I think I may be a way better buddy than boyfriend. I hope that is NOT true but it sure seems like it. I kinda like the idea of being a boyfriend. I've been a husband for many years. A title change may do me some good.

There are many children playing at the playground. I can see it from my balcony. I envy the little cretins. They only have one fear right now. The only thing they fear at this second in their little ignorant lives is that it will be time to go home. That's all. (Beastie Boys)

I hope she isn't pissed at me. I think I wrote all this just to say that. I do care. You see, I want to be liked by everybody but have never been liked by EVERYBODY. I got over it in childhood. I want to be liked by everybody but it's perfectly ok that I'm not. I rarely if ever think about it and never worry about it. I'm me and that's all I can't even try to act like someone else even for a second. Just can't do it.

It's a big ol world you know? I hate the thought of on-line dating. That doesn't mean I'm down with catching a little bar chick. I'm not...but then little bar chicks need love too right. Maybe they do but I'm not really down with hanging at the bars. They are like in-laws...a great place to visit but I don't want to live there. (Bob Marley)
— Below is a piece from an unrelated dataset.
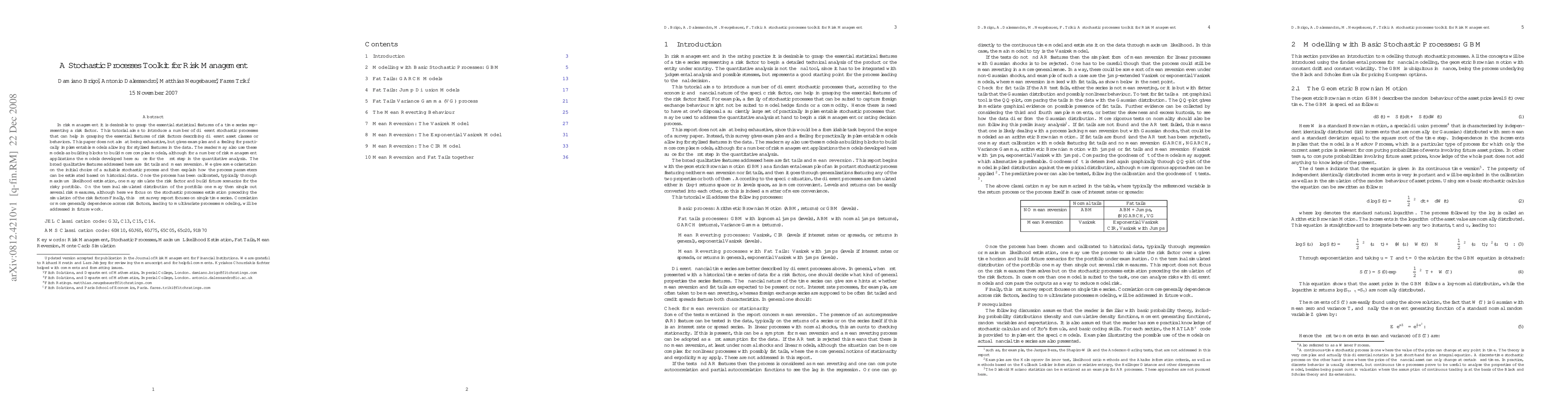 This paper introduces various stochastic processes for risk management, emphasizing statistical features like fat tails and mean reversion in time series data. It provides practical models for initial quantitative analysis and discusses parameter estimation and simulation for future risk scenarios.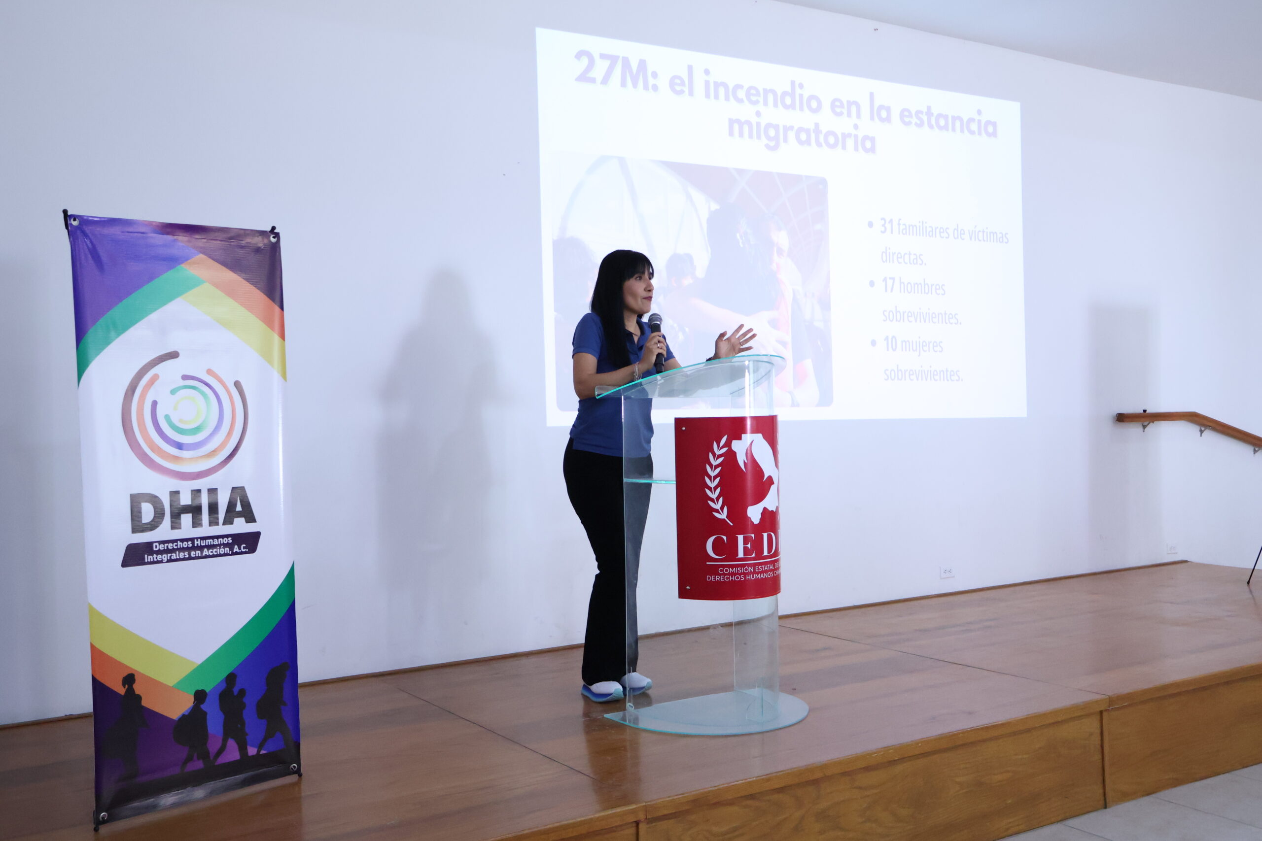 La directora de DHIA, Blanca Navarrete García, comentó que la atención al caso del incendio de la estancia migratoria “ha sido un proceso complejo” para la organización, pues derivó en múltiples esfuerzos para garantizar una atención digna e integral a las personas sobrevivientes y sus familias, así como a las de los fallecidos.

There has been very little happen in my small life that Bob Marley cannot see me through. Don't worry. Ok Bob...I will trust you again. Father Bob you know?

Insignificant little problems. There are people on this very day that will not live to see the sunset. But they are the blessed ones, the tragedy lies in with those who live on with out them. They have to move on and most will. Those that do will feel guilty because to move on you must leave the dead behind.

Today is going to be a good day. The world is going to turn with or with out our permission or happiness so we better get busy living. (Sublime)

Too bad it's the end of November. This day screams for beer poolside, laughs and bikinis. This day has a timing issue as well.

Let me tell you something about me you may not know about me...I am completely full of shit. I can sometimes fool myself into thinking I'm a little deeper than a maaco paint job. I may even be able to fool you too for a little bit. The truth hurts so watch it.